Hopefully it is more precise than simply using first campaign.

Thoughts from you on this topic?  I know there are at least two “marketing mix” folks on the feed…

One (Customer) Number

Friday, August 24th, 2007

Ron’s post Why Do Marketer’s Test? reminded me of an incident that keeps repeating itself. 

The presentation I do as part of the Web Analytics BaseCamp includes a section on the importance of measuring marketing success at the customer level as opposed to the campaign level.  Then I get this question: “If you were to measure just “one customer number” what would that be? 

Putting aside all the reasons why measuring one customer metric is a faulty approach for the moment, I reply “Percent Active”, meaning:

What percent of customers have initiated some kind of transaction with you in the past 12 months, or 24 months if you are highly seasonal?  Higher percentage is better.

Initiated being the key concept.  Just because someone is “balance active” or is receiving a statement doesn’t mean they are “Active”, or if you prefer, “Engaged”.  And for some businesses, for example utilities or help desks, a lower percentage will be better – the lower the percentage of customers who have initiated a trouble call or a billing problem, the better.  “Transaction” can be most anything, define it for your business – what generates profit or cost for you?  That’s a good place to start, among other things like inquiries and so forth.  Adjust for your business, keep it simple. 

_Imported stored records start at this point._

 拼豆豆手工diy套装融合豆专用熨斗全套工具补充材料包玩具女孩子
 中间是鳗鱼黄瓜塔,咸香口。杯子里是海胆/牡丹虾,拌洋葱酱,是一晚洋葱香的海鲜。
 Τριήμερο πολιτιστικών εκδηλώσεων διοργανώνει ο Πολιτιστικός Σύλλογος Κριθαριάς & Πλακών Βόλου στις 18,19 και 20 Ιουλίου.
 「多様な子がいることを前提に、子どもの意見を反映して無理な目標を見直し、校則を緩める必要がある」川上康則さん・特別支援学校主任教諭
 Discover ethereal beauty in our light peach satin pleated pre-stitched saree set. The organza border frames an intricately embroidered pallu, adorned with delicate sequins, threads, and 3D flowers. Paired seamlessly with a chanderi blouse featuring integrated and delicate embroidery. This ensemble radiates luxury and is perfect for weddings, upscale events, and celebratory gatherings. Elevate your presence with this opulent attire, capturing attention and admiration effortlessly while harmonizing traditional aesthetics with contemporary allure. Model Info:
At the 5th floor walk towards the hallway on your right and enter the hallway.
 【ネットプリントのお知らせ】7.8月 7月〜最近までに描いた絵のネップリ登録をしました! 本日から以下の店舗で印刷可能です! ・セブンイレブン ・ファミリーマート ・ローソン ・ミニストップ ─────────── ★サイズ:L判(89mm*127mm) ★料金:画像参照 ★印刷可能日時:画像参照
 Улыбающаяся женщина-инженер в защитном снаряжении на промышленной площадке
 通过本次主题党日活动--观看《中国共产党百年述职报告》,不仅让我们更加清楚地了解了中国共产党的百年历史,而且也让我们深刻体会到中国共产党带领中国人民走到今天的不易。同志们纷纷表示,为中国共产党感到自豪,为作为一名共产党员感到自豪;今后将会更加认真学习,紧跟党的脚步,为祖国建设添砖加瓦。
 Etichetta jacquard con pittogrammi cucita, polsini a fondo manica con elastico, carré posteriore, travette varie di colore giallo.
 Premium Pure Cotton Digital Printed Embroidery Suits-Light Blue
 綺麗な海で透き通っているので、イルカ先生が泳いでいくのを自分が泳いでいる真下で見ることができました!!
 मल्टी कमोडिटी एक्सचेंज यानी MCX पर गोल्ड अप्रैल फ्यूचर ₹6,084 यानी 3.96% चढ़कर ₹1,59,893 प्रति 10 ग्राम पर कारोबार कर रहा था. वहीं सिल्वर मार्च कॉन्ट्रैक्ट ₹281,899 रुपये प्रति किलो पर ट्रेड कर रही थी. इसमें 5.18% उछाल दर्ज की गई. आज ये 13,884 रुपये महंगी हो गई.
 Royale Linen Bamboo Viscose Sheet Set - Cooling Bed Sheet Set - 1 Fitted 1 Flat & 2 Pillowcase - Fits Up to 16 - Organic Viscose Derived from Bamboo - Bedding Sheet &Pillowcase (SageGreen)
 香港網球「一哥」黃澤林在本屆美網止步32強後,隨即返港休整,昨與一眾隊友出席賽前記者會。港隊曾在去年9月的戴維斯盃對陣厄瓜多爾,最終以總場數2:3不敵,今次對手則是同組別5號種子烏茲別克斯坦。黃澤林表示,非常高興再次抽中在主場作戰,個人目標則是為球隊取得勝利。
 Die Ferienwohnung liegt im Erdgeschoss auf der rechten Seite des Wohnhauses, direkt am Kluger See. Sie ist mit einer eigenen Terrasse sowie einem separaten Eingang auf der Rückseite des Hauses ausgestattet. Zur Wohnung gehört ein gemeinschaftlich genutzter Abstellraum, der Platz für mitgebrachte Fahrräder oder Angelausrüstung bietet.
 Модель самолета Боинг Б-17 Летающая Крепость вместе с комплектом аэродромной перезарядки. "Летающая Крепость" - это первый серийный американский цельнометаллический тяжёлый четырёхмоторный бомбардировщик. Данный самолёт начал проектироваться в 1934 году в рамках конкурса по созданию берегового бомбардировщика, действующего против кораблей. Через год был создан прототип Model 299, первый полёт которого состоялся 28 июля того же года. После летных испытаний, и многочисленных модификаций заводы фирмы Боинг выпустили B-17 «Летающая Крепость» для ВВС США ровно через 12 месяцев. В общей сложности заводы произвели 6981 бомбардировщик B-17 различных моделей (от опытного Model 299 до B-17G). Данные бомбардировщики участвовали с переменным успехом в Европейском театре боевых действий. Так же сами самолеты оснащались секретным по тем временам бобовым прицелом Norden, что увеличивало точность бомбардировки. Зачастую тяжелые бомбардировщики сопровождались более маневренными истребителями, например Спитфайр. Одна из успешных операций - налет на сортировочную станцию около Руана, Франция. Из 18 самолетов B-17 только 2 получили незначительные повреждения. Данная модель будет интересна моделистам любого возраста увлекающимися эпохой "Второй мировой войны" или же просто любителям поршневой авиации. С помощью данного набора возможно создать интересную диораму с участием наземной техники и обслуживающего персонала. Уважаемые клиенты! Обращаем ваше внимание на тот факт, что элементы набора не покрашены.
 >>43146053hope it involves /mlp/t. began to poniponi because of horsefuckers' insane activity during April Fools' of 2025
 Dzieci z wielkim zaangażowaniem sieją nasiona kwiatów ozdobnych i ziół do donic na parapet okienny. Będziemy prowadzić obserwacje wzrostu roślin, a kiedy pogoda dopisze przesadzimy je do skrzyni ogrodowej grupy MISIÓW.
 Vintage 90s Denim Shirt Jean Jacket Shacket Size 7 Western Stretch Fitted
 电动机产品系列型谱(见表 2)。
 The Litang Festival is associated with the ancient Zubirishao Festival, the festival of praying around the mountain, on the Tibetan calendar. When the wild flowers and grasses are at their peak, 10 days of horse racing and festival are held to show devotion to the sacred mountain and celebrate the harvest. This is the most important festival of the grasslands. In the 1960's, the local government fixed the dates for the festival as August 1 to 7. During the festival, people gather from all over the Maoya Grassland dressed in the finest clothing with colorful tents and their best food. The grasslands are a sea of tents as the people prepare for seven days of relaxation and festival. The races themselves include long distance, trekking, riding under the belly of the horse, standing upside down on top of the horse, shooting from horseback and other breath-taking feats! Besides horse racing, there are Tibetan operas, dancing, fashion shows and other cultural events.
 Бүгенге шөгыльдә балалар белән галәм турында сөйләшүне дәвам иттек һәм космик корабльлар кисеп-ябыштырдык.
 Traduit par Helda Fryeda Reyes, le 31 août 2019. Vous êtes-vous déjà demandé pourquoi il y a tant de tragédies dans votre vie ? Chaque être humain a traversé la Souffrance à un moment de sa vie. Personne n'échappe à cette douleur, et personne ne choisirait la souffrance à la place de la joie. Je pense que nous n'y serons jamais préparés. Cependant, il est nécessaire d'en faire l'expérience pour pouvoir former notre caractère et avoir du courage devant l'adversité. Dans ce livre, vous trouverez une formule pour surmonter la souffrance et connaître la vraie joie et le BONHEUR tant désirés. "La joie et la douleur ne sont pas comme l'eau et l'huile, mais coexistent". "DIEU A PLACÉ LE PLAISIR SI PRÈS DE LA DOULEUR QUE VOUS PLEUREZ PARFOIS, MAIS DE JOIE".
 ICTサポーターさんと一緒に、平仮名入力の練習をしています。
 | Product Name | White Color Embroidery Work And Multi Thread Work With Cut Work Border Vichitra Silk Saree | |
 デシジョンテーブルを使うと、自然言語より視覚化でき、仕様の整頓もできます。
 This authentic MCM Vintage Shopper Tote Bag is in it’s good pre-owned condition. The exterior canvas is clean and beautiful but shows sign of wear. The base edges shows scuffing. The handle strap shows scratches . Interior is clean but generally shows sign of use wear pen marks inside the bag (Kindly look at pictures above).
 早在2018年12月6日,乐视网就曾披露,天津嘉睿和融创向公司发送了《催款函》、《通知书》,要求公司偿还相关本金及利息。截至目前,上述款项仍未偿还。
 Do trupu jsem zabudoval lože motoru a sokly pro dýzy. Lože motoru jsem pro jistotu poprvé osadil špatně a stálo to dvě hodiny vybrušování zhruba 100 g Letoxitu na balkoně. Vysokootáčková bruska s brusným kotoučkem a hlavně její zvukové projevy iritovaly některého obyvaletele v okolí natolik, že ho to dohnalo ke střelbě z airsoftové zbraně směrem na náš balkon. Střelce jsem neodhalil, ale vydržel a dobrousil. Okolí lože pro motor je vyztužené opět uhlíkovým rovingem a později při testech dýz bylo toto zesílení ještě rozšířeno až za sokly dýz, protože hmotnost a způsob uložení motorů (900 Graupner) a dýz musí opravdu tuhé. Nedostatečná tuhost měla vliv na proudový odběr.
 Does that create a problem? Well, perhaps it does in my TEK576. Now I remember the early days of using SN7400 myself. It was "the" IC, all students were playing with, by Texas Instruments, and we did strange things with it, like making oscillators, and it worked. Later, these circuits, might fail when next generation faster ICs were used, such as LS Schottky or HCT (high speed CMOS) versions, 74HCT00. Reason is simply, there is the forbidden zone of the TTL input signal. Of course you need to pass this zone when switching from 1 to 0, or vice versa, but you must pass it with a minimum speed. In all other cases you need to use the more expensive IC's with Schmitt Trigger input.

If you don’t sell anything, consider shortening the 12 month window.  If you are a highly interactive business and depend on that interactivity as a business model (MySpace, Facebook) consider using 3 months.

It is truly amazing to me how many folks don’t know what this number is for their business.  And often, truly shocking to them when they find out what the number is.  I have seen their faces.

This number is so simple to calculate and track, and simple to measure success against, why don’t people have it?  It’s a very powerful predictor of the future health of a business.  It’s like a searchlight showing you the way, giving you the head’s up when things are not right in customer land.  All this crap about being customer centric and not one number to fly by, it’s really pretty sad.

All I can conclude is folks simply don’t want to know what the number is.  Am I wrong? 

Why don’t you know this number for your business, or why doesn’t your boss care about this number?  I want to hear all the excuses and have a list of them right here so we can refer to them in the future!